Chinchilla magistrate Matthew McLaughlin was clearly sympathetic. In a tight little courtroom on Queensland’s Darling Downs, with camera crews waiting outside, he told the three defendants he was well aware of the debate about coal seam gas and had his own personal views about it.
I’ve done some reading recently in a National Geographic, if I remember, that raised great concerns with me personally about what’s happening. It was talking about what’s already happened in the United States … My own personal opinion though is irrelevant, of course. I’m simply here to enforce the rules that the government makes … So, if you want to make a speech to me about the unfairness of it all, you can but I can’t do anything about it … You’re probably preaching to the converted.¹
Elizabeth Conners, Bob Irwin and Thomas Brookes proceeded to plead guilty to the charge of contravening a direction by a police officer on 12 April 2011, outside the Queensland Gas Company office at Wieambilla, to move off the roadway immediately where they were blocking traffic. They had been protesting against the company’s installation of a pipeline connecting coal seam gas wells on the rural estates at Tara, where a residents’ blockade had been under way for weeks.
Bob Irwin, father of late conservationist Steve, had prepared a short two-minute speech and he took the opportunity to read it to the court, thanking the police officers for the way they handled the situation.
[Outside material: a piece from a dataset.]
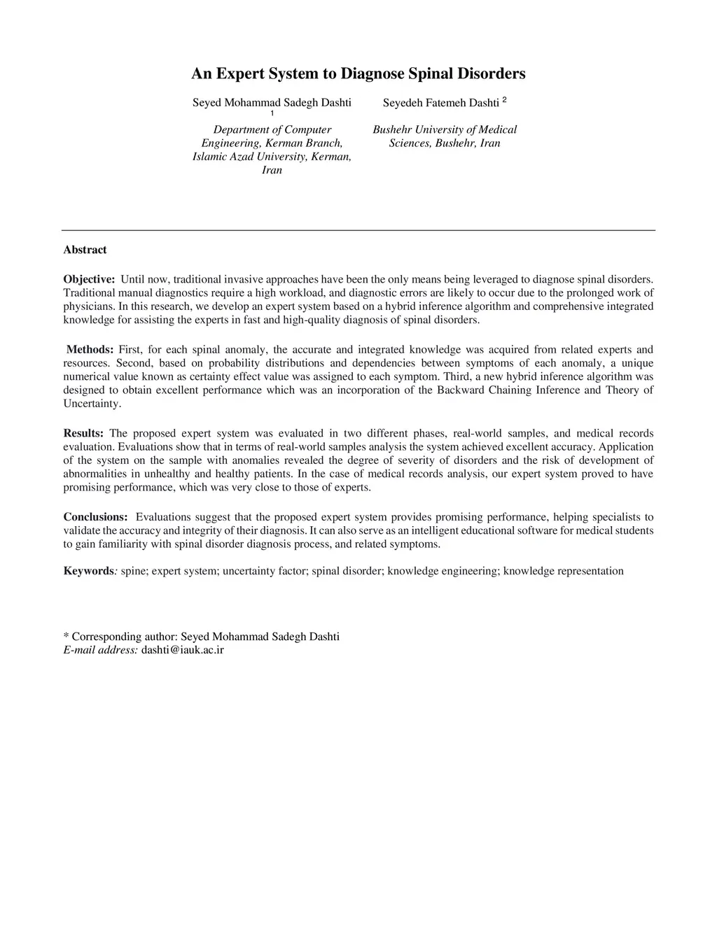Objective: Until now, traditional invasive approaches have been the only means being leveraged to diagnose spinal disorders. Traditional manual diagnostics require a high workload, and diagnostic errors are likely to occur due to the prolonged work of physicians. In this research, we develop an expert system based on a hybrid inference algorithm and comprehensive integrated knowledge for assisting the experts in the fast and high-quality diagnosis of spinal disorders. Methods: First, for each spinal anomaly, the accurate and integrated knowledge was acquired from related experts and resources. Second, based on probability distributions and dependencies between symptoms of each anomaly, a unique numerical value known as certainty effect value was assigned to each symptom. Third, a new hybrid inference algorithm was designed to obtain excellent performance, which was an incorporation of the Backward Chaining Inference and Theory of Uncertainty. Results: The proposed expert system was evaluated in two different phases, real-world samples, and medical records evaluation. Evaluations show that in terms of real-world samples analysis, the system achieved excellent accuracy. Application of the system on the sample with anomalies revealed the degree of severity of disorders and the risk of development of abnormalities in unhealthy and healthy patients. In the case of medical records analysis, our expert system proved to have promising performance, which was very close to those of experts. Conclusion: Evaluations suggest that the proposed expert system provides promising performance, helping specialists to validate the accuracy and integrity of their diagnosis. It can also serve as an intelligent educational software for medical students to gain familiarity with spinal disorder diagnosis process, and related symptoms.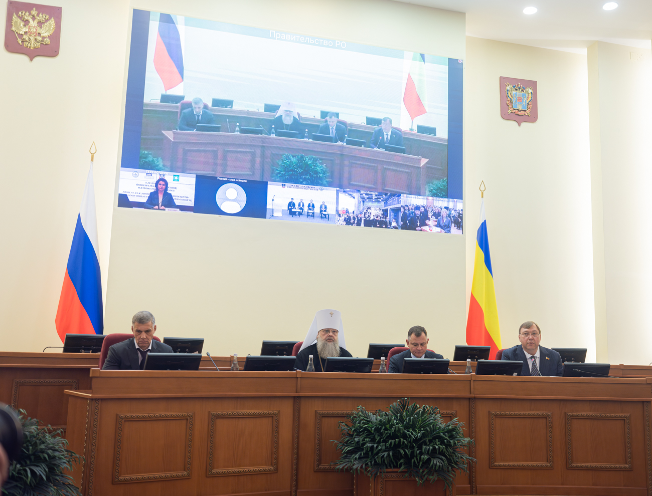 В президиум заседания вошли Губернатор Ростовской области Юрий Слюсарь, Глава Донской митрополии митрополит Ростовский и Новочеркасский Меркурий, заместитель полномочного представителя Президента Российской Федерации в Южном федеральном округе Антон Калинин, председатель Законодательного Собрания Ростовской области Александр Ищенко.

As to why I committed the offence, I have devoted most of my life to the protection of Australia’s wildlife and the environment by both direct action and by raising people’s awareness and that’s the important part, your Honour, is people’s awareness.
I have felt very strongly about a number of issues affecting wildlife in the past but never so strongly as to make me consider breaking the law, in order to get people to sit up and take notice. However, I believe that the coal seam gas industry will be so devastating to Australia’s environment and the people that I had no other choice.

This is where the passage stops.